3.1.Translating & Starting a Program

\(3.1.\)Translating & Starting a Program

1.A complex example

  When we are going to translate the program, we should follow the following process:

  1. Need to decide on what variables go in what registers

  2. Need to determine which registers we need to save on function entry (the function preamble/prolog)

    1. Decrement the stack
    2. Save all the callee saved registers we will use
    3. Save ra or any other caller saved registers we need to live across calls to other functions
  3. Translate the code itself

  4. Restore all the registers necessary (the function postamble/epilog)

    1. Restore the callee saved registers we used
    2. Restore ra
    3. Increment the stack
  5. Return using jr

  There are some points in the process:

  • Return null:
1
2
li a0 0
j postamble
  • When calling function, we can use the call pseudo-instruction for jal ra (location). For example, call malloc.

2.Interpretation

  • Interpreter directly executes a program in the source language.

  • Since interpreter is closer to high-level, it can give better error messages during interpreting.

  • Because the interpreter executes intermediate representations rather than direct machine code, the same source code can be run from one machine to another without modification of the source code.

3.Calling chain

4.Compilation

  \(a.\)Concepts

  The compiler transforms the C program into an assembly language program, a symbolic form of what the machine understands. High-level language programs take many fewer lines of code than assembly language, so programmer productivity is much higher.

  \(b.\)Assembler

  • The assembler converts the assembly language instruction into machine language. It turns the assembly language program into an object file, which is a combination of machine language instructions, data, and information needed to place instructions properly in memory.

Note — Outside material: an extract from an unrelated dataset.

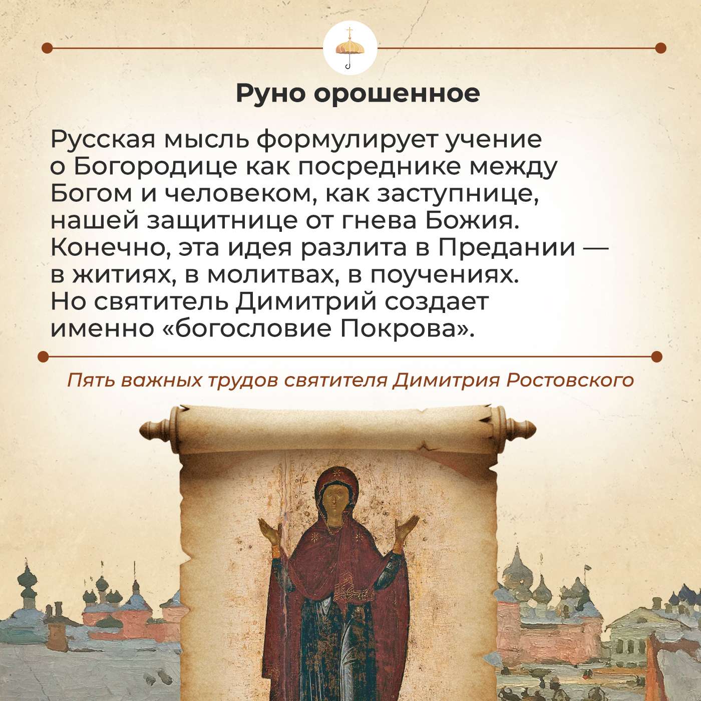 Почти сразу святитель Димитрий выпустил переработанный вариант книги под названием «Руно орошенное»: количество чудес увеличивается до 24, а нравоучения составляются заново. Сюжеты обеих книжек позже использовались в синодиках, народных картинках, иконографии — например, в богородичных образах «Нечаянная радость» и «Целительница». Но еще важнее то, что в этих текстах — сошлюсь на мнение протоиерея Павла Хондзинского — русская мысль формулирует учение о Богородице как посреднике между Богом и человеком, как заступнице, нашей защитнице от гнева Божия. Конечно, эта идея разлита в Предании — в житиях, в молитвах, в поучениях. Но святитель Димитрий создает именно «богословие Покрова».

  • Assembler will also accept numbers in a variety of bases.

  To produce the binary version of each instruction in the assembly language program, the assembler must determine the address corresponding to all labels. This is done by a symbol table.

  • The object file for UNIX mainly consists of:

    • The object file header describes the size and position of the other pieces of the object file.

    • The text segment contains the machine language code.

    • The static data segment contains data allocated for the life of the program.

    • The relocation information identifies instructions and data words that depend on absolute addresses when the program is loaded into memory.

    • The symbol table contains the remaining labels that are not defined, such as external references.

      • Use dummy "placeholders" for unresolved absolute and external references.
    • The debugging information contains a concise description of how the modules were compiled.


\(p.s.\) The auipc instruction adds an immediate number to the current PC value. This means that the generated address is relative to the current instruction. It add an offset to the PC (upper 20 bits to the left of the instant number by 12 bits), and use addi to load the lower 12 bits.

lui instructions are used to generate absolute addresses, which are fixed addresses of data in memory. This approach works for memory addresses that do not move. It loads an instant number to the upper 20 bits of the register.

  \(c.\)Linker

  Linker is used for compiling and assembling each procedure independently, so that a change to one line would require resolving only one procedure. It's a system that combines independently assembled machine language programs and resolves all undefined labels into an executable file.

  There are three steps for the linker:

  1. Place code and data modules symbolically in memory.
  2. Determine the addresses of data and instruction labels.
  3. Patch both the internal and external references.

  The linker uses the relocation information and symbol table in each object module to resolve all undefined labels.

  • For each entry in the relocation table, it replaces it with the actual address for the symbol table of the item we are linking to.

  If all external references are resolved, the linker next determines the memory locations each module will occupy. Since the files were assembled in isolation, the assembler couldn't know where a module's instructions and data would be placed relative to other modules. So when the linker places a module in memory, all absolute references, that is, memory addresses that are not relative to a register, must be relocated to reflect its true location.

  \(d.\)Type of addressing

  \(e.\)Loader

5.Dynamically linked libraries

  In tradition, before the program is run, the library has been linked. Although this static approach is the fastest way to call library routines,it has a few disadvantages:

  1. The library routines become part of the executable code. If a new version of the library is released, the statically linked program keeps using the old version.

  2. It loads all routines in the library that are called anywhere in the executable, even if those calls are not executed.

  A replacement of it is called dynamically linked libraries, where the library routines are not linked and loaded until the program is run.

  1. The first time the library routine is called, the program calls the dummy entry and follows the indirect branch, which points to a piece of code.

  2. The code puts a number in a register to identify the desired library routine.

  3. Then it branches to the dynamic linker/loader.

  4. The linker/loader finds the wanted routine, remaps it into the memory, and changes the address in the indirect branch location to point to that routine. Then it branches to it.

The dynamic linker loads the library function into memory on the first call and updates the indirect branch address. In this way, if the following call to the library function, the program can directly jump to the correct memory address, avoid repeated symbol parsing and address calculation, which improves the efficiency of the program.

  1. When the routine completes, it returns to the original calling site.